Reproduce only what runs from the line containing "Подобный старый холодильник" to the line containing "Rysunek 9.10. Elementy" in the records below, inclusive. Keep it exact, and keep the pictures out.
Recorded data below:
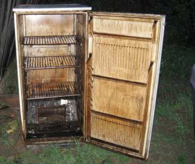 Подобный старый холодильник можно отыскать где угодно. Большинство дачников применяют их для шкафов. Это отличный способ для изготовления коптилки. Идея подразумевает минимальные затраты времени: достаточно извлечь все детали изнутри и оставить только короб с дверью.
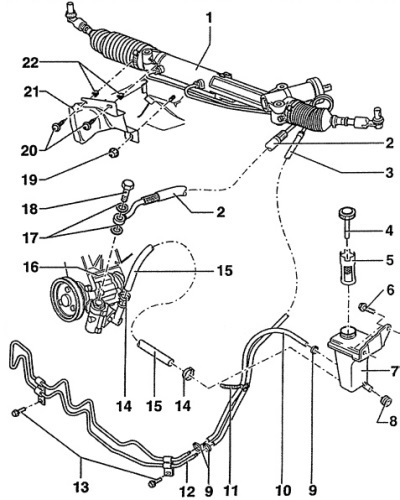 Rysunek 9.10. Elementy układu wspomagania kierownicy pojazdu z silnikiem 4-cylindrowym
End of Recorded data.
Recorded data below:
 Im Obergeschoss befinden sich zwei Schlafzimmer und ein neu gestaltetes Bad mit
End of Recorded data.
- **Response**:
 Подобный старый холодильник можно отыскать где угодно. Большинство дачников применяют их для шкафов. Это отличный способ для изготовления коптилки. Идея подразумевает минимальные затраты времени: достаточно извлечь все детали изнутри и оставить только короб с дверью.
 Rysunek 9.10. Elementy układu wspomagania kierownicy pojazdu z silnikiem 4-cylindrowym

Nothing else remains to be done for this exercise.